Aging is the primary technique for preventing starvation in priority-based schedulers. The idea is elegant: as a process waits, its priority gradually increases. Eventually, even the lowest-priority process becomes the highest priority.

The Aging Mechanism

In standard SJF, priority = burst length (lower is higher priority).

With aging:

Effective Priority = Burst Length - (Aging Factor × Wait Time)

Or equivalently:

Effective Priority = Burst Length - Age Bonus

Where Age Bonus increases with wait time.

How It Prevents Starvation

Consider a long process L with burst 100ms:

Initially: priority = 100 (low)
After 50ms waiting: priority = 100 - 50 = 50 (medium)
After 100ms waiting: priority = 100 - 100 = 0 (high!)
After 100ms, L has the highest possible priority

No matter how short new arrivals are, L will eventually accumulate enough age bonus to be scheduled.

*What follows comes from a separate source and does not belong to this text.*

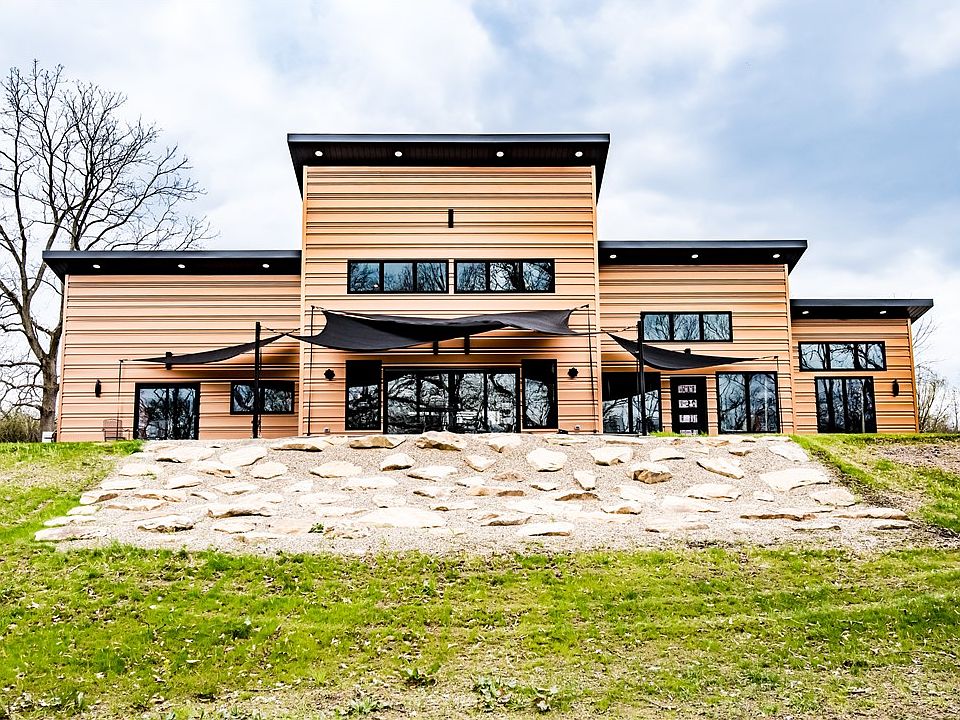 Architectural linesCustom epoxy flooringArtful touchesWalnut groveNatural lightSoaring ceilingsOpen-concept layout

Aging Example: Long Process (burst=100) vs Short Arrivals (burst=5)
Time (ms)	L's Wait	L's Age Bonus	L's Effective Priority	Scheduled?
0	0	0	100	No (short jobs arriving)
20	20	20	80	No
50	50	50	50	Maybe (depends on arrivals)
80	80	80	20	Likely
100	100	100	0	Yes (highest priority)

sjf_with_aging.c
C
1
2
3
4
5
6
7
8
9
10
11
12
13
14
15
16
17
18
19
20
21
22
23
24
25
26
27
28
29
30
31
32
33
34
35
36
37
38
39
40
41
42
43
44
45
46
47
48
49
50
51
52
53
54
55
56
57
58
59
60
61
62
63
64
65
66
67
68
69
70
71
/**
 * SJF with Aging - Starvation-Free Variant
 */
 
#include <stdio.h>
 
typedef struct {
    int pid;
    int arrival_time;
    int burst_time;
    int remaining_time;
    int waiting_since;    // Time when process entered ready queue
} ProcessWithAging;
 
// Aging configuration
#define AGING_FACTOR 1.0  // 1ms of age bonus per 1ms of waiting
#define MAX_AGE_BONUS 1000 // Cap the bonus to prevent overflow
 
/**
 * Calculate effective priority with aging
 * Lower value = higher priority
 */
double calculate_priority(ProcessWithAging* p, int current_time) {
    int wait_time = current_time - p->waiting_since;
    double age_bonus = wait_time * AGING_FACTOR;
    
    if (age_bonus > MAX_AGE_BONUS) {
        age_bonus = MAX_AGE_BONUS;
    }
    
    // Effective priority: burst adjusted by age bonus
    double effective = p->remaining_time - age_bonus;
    
    // Ensure priority doesn't go negative (optional)
    if (effective < 0) effective = 0;
    
    return effective;
}
 
/**
 * Find process with best (lowest) effective priority
 */
int find_best_aged_process(ProcessWithAging procs[], int n, 
                           int current_time, int completed[]) {
    int best_idx = -1;
    double best_priority = 1e9;
    
    for (int i = 0; i < n; i++) {
        if (procs[i].arrival_time <= current_time && !completed[i]) {
            double priority = calculate_priority(&procs[i], current_time);
            
            if (priority < best_priority) {
                best_priority = priority;
                best_idx = i;
            }
        }
    }
    
    return best_idx;
}
 
/**
 * Guarantee: With aging factor α > 0, maximum wait time is bounded by:
 * 
 *   Max Wait ≤ (Burst Length) / α
 * 
 * With α = 1, a process with burst B waits at most B milliseconds
 * before its priority exceeds any new arrival with burst ≤ B.
 * 
 * This provides a formal starvation-freedom guarantee.
 */

Starvation Freedom Guarantee

With aging factor α, the maximum wait time for any process is bounded by (MaxBurst / α). This is a formal guarantee: no process can wait indefinitely. The tradeoff is that SJF's optimality is weakened—we may schedule a long job before a short one to prevent starvation.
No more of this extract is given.